%%
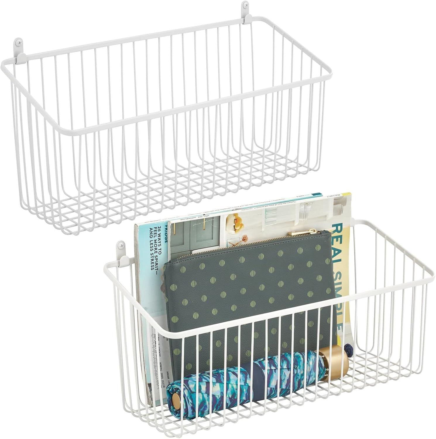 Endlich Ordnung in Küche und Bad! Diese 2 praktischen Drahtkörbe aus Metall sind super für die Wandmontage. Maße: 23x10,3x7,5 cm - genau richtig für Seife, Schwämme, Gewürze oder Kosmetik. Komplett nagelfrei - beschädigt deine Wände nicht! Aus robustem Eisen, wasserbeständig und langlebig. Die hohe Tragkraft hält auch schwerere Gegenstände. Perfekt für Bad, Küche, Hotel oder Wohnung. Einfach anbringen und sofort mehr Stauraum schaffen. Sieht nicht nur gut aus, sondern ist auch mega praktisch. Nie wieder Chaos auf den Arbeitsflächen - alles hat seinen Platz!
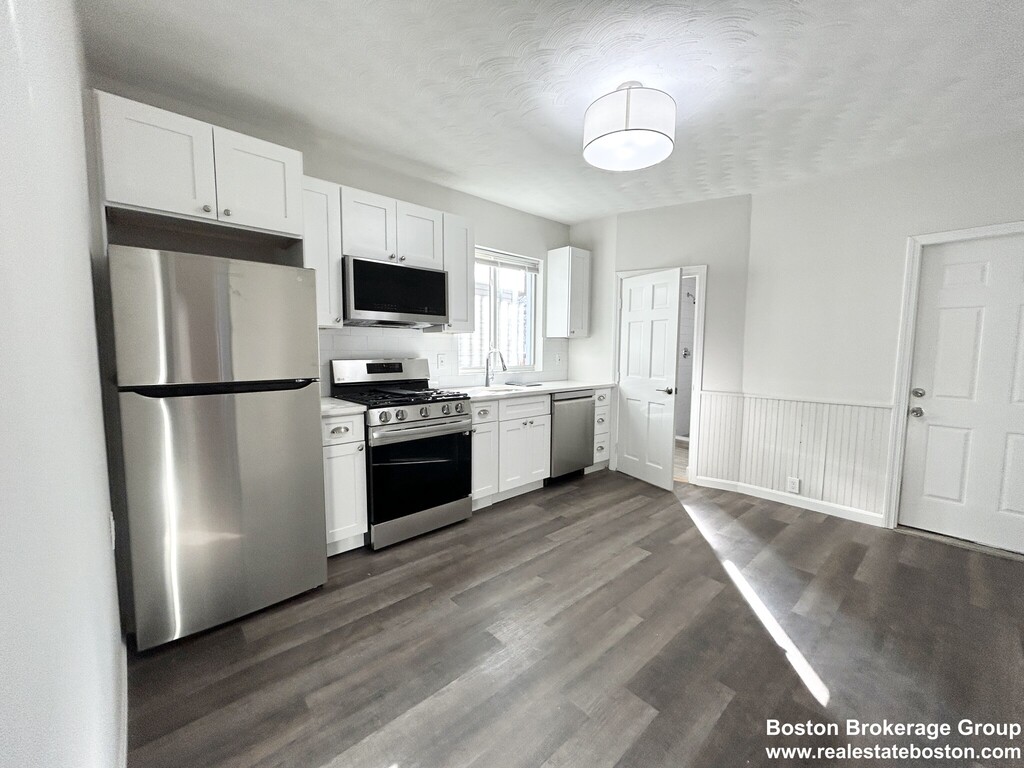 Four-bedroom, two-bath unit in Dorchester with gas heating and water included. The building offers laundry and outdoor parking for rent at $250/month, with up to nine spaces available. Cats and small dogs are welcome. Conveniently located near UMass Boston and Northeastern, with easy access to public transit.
%%
%%
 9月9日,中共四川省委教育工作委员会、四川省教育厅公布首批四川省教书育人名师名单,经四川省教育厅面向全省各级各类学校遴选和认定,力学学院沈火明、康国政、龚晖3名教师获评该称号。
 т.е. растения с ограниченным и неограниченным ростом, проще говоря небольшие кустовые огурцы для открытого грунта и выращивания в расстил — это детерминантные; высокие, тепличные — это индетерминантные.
%%
%%
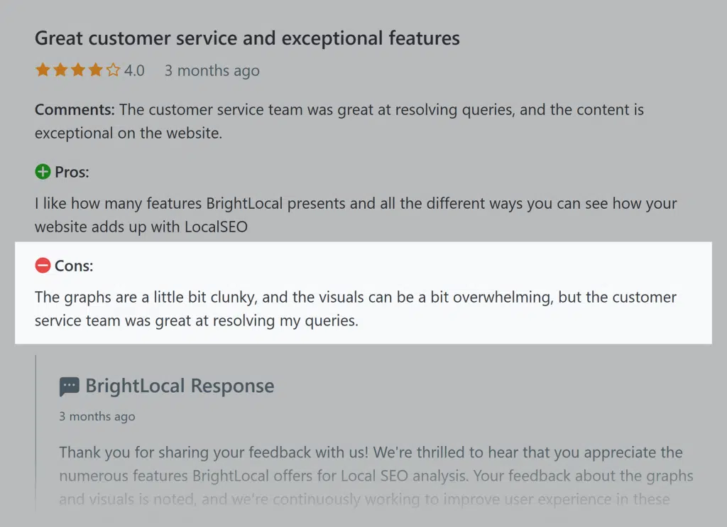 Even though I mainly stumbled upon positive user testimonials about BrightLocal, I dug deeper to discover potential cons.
%%
» **Assigned task**
Would you please repeat exactly the lines above, starting at the line with "9月9日,中共四川省委教育工" and stopping at the line with "т.е. растения с", both included?

» **Exercise output**
 9月9日,中共四川省委教育工作委员会、四川省教育厅公布首批四川省教书育人名师名单,经四川省教育厅面向全省各级各类学校遴选和认定,力学学院沈火明、康国政、龚晖3名教师获评该称号。
 т.е. растения с ограниченным и неограниченным ростом, проще говоря небольшие кустовые огурцы для открытого грунта и выращивания в расстил — это детерминантные; высокие, тепличные — это индетерминантные.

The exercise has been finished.